Ex-AG says Mahathir’s monumental betrayal made way for Trump-like Muhyiddin


https://www.malaysiakini.com/news/560580
 

In new memoir, ex-AG reveals Dr M wanted him out after Malay backlash


A “monumental betrayal” by Mahathir Mohamad led to a “kakistrocracy” formed by Muhyiddin Yassin, says Tommy Thomas. (Bernama pic)


 PETALING JAYA: Former attorney general Tommy Thomas has harsh words for Dr Mahathir Mohamad, whose resignation as prime minister in February 2020 paved the way for Muhyddin Yassin to take power.

In an epilogue to his recently-published memoirs, Thomas described Mahathir’s resignation as “a monumental betrayal”.

In a Churchillian turn of phrase, Thomas said: “Seldom in our nation’s history have so many million voters been let down by the actions of one man.”

Mahathir resigned on Feb 24, causing the collapse of the Pakatan Harapan government two years after it came to power in the 2018 general election. His resignation led the Yang di-Pertuan Agong to seek a new prime minister and cabinet from members of Parliament.

Muhyiddin was appointed five days later after the King consulted political leaders to determine who commanded a majority in the Dewan Rakyat. He formed a government of parties in the Perikatan Nasional coalition.

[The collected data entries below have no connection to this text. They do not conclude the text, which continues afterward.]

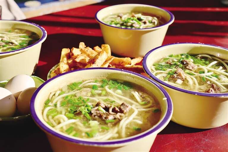 在西藏,人们总能将简单的食材做出独一无二的“西藏味道”。一壶甜茶,一碗藏面,一份炸土豆或肉饼,便是这里最标准的早餐套餐。清水、红茶茶叶、甜奶粉或牦牛奶,只需简单的食材,便能制作出茶香浓郁、奶味醇厚的甜茶。在略带寒意的初春,喝上一口,整个身子都暖了起来。此时搭配一碗筋道的藏面,简单又满足。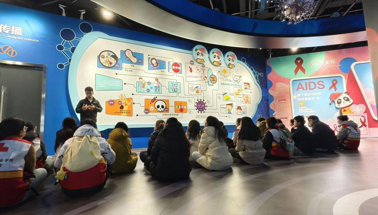 2025年12月21日,红十字心理健康禁毒防艾志愿服务队赴壹基金青少年防灾体验馆开展了一场以“艾滋病防治宣传教育”为主题的研学实践活动。本次活动旨在通过沉浸式学习与互动体验,增强学生的自我防护意识与社会责任感,引导青年学子在掌握健康知识的同时,自觉成为健康理念的传播者与实践者。这不仅是一堂生动的健康教育课,更是一次对青春成长的暖心护航,体现了志愿服务在青少年人格养成与责任担当中的积极意义。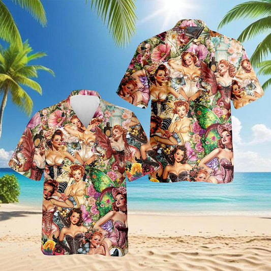 Netecom Vintage Dancer Pinup Carnival Hawaiian Shirt...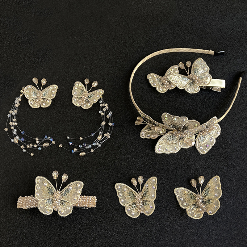 カスタマイズされたハイエンドの模造水晶手作業でネット糸蝶バネクリップ盤を作って、韓国版の気質刺繍ドリルのカチューシャを作る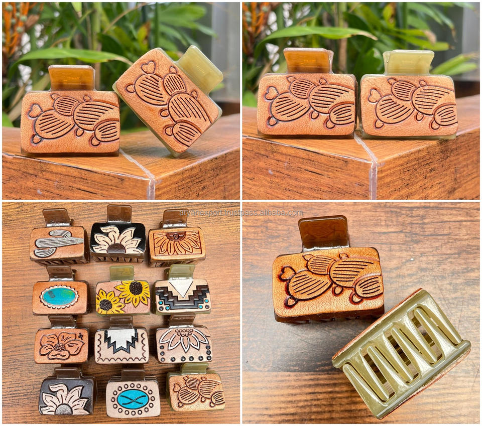 Custom Logo Desert Bloom Design Tooled Engraved Leather Mini Hair Clip for Women Personalized Strong Hold Luxury Hair Accessory

Thomas said the formation of the new government “by a coalition of Malay-centric parties that proudly proclaim their race and religion” had brought disastrous consequences to multi-racial Malaysia.

He compared Muhyiddin Yassin to former US president Donald Trump, saying they both represented the rise to power of those lacking credibility and principle.

Both Muhiddin and Trump represented the modern ‘”kakistocracy”, he said, using a term invented in 17th century England to mean “government by the worst; to describe the political rise of the least qualified or most unscrupulous”.

Calling it a “misgovernment for profit”, Thomas said the kakistocracy served a political agenda – the shameless pursuit of hate politics: (Trump’s) America First, or the Malay/Muslim Agenda of the PN government.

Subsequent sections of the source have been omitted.